John concludes this section with another “call for the endurance of the saints, those who keep the commandments of God and hold fast to the faith of Jesus.”  We are to endure even at the cost of our mortal lives.  John’s perspective is much broader than even this temporal existence we tend to think is everything.  There is life beyond the death of the body which needs to be taken into account.  Jesus demonstrates this by his resurrection.  Not even death can separate us from God’s love.

The challenge of human life is that we keep broadening our perspective.  It is that we keep awakening to a higher and more inclusive point of view.  It is growing and expanding beyond the little bubbles of our ego-centric perception and thinking, limited to what we think matters directly to our physical bodies.  Paul calls this “the flesh,” this concern for keeping our temporal organism, with its desires and needs, alive and fed.  It is what the Empire plays on and convinces us is all that is.

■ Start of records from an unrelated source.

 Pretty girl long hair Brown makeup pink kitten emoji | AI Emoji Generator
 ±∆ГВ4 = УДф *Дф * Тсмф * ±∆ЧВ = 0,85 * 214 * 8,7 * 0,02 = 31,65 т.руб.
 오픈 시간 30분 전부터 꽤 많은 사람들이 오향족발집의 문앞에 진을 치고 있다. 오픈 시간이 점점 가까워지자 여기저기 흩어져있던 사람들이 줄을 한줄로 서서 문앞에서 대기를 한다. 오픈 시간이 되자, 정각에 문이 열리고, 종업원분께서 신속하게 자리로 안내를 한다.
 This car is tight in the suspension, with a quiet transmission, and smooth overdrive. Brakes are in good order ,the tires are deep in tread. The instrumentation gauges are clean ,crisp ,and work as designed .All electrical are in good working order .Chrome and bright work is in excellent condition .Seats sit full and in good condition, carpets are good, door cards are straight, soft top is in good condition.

To begin to place this aspect of our existence in context and see from a wider and more inclusive point of view is the influence of the Spirit that fills all things.  The more we can begin to see that what we do does not happen in isolation, but affects people and life all over the world, the more we are awakening to God’s perspective.  The more we identify with the suffering of people on the other side of the planet, and see our complicity in their lot, the more we are living into God’s heavenly point of view.  

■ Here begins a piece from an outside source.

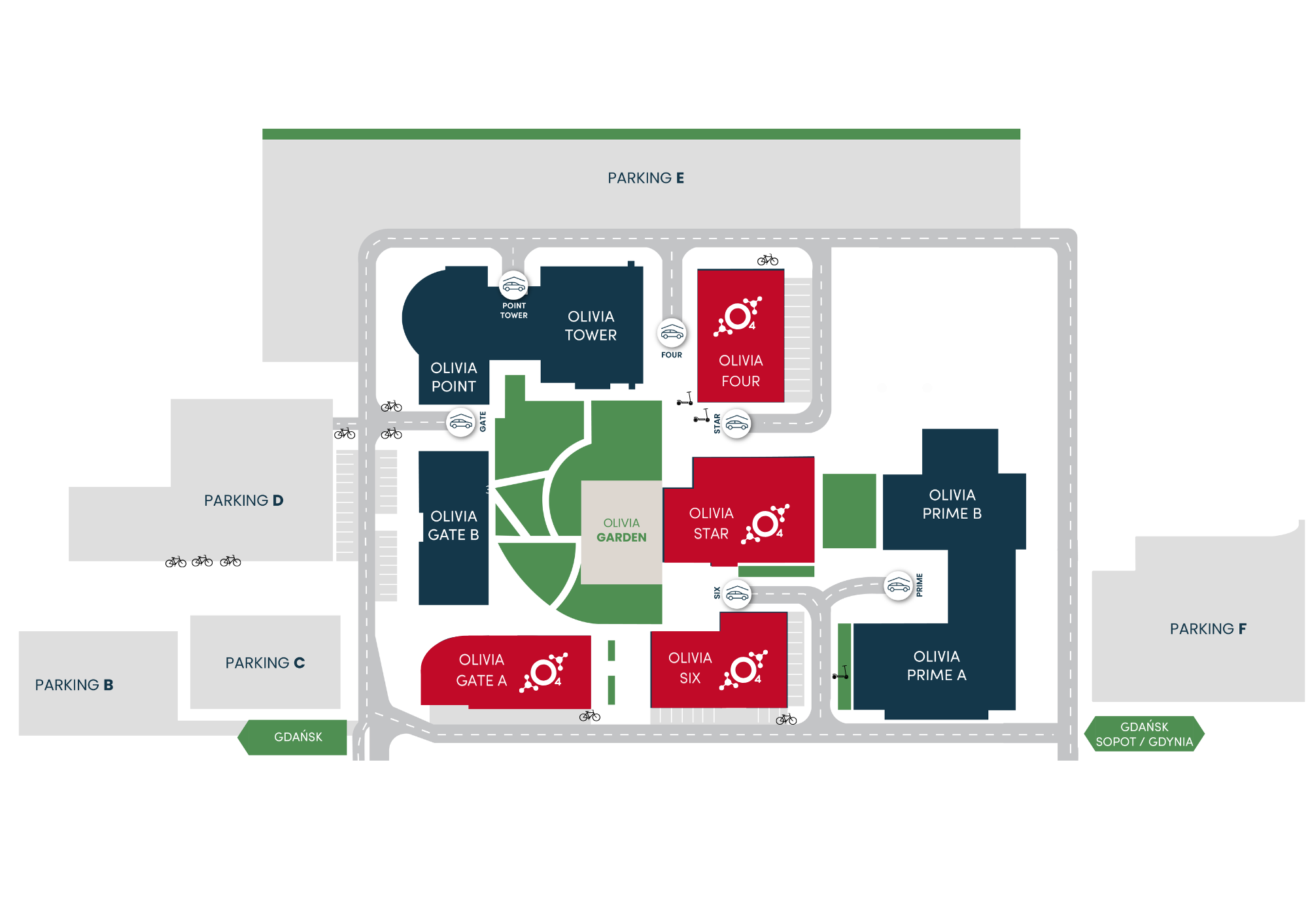 Dodatkowo możesz skorzystać z podziemnych i naziemnych parkingów oraz miejsca na rowery i hulajnogi.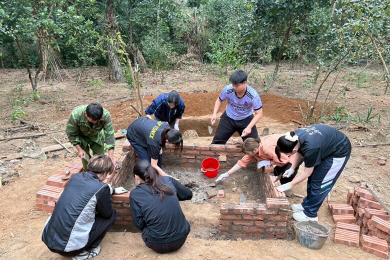 参加者はベトナム北部のブオック村に行き、現地の家庭にホームステイします。現地のコーディネーターがリーダーとなり、参加者やホストファミリー、村人のコミュニケーションの窓口となります。プログラムの内容は、主に家庭のトイレづくりや貯水タンクづくりですが、村の現在の状況やニーズによって異なる場合もあります。過去には、幼稚園の壁のペンキ塗りや道端の小さな売店作りをしたこともあります。村の子供たちに英語や日本語を教えたり、日本の伝統的な遊びやアクティビティを紹介したりと、文化交流の機会もたくさんあります。

This is what it means to “hold fast to the faith of Jesus.”  Jesus, the Lamb, the Word who becomes flesh to dwell among us, shows us this universal, eternal, all-inclusive perspective, beyond ethnicity and nation, beyond tribe and clan, beyond religion and politics, beyond even gender, class, and race.  When we who are baptized “put on Christ,” we have awakened to the higher and deeper identity we share with everyone.  We have become woke to our own true human nature in him, the One who is at the same time God-with-us.

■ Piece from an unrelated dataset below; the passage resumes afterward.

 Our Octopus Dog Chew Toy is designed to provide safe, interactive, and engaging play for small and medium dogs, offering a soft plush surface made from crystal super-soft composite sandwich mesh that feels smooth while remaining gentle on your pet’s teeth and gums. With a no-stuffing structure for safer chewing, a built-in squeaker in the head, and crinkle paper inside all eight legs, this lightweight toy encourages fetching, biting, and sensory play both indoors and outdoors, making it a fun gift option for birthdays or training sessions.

In him we become “participants in the divine nature,” says Peter.  In him we are given to see from God’s perspective so that even the death of these wonderful bodies is but a graduation, a liberation of them to union with all in and as light.  And from that perspective all the conflicts and trauma of this existence appear as dopey, trivial, and silly as high school seems to me now.  Because we will know the whole story, including the glorious ending.

That is what gives us the juice to endure, to actively resist, to follow Jesus and witness to his life of goodness and peace now.  It is the knowledge that life is a way bigger adventure than can be reduced to just getting what you convince yourself you want this moment.

IV.

Our deeds follow us, says the voice from heaven, the Word from the highest and widest possible perspective.  And our deeds either cut us off from the Truth and keep us spinning in a meaningless rat-race of consumption rooted in paranoia and resentment, weighing us down in a pit of despair… or our deeds resonate with the life of the Lamb, Jesus Christ, and thereby connect us to the Truth allowing us to emerge into an eternal life we can not even imagine now.

This is really why we come here to church.  It’s not for the coffee and donuts. It’s so we can learn together to “keep the commandments of God and hold fast to the faith of Jesus.”  It is a matter of life and death.  Whether out of fear of death we will crash into the endless extinction the Accuser desires for us, or out of love we will give our lives for others and thereby awaken to a new kind of life, the true life, seeing and knowing God as all in all.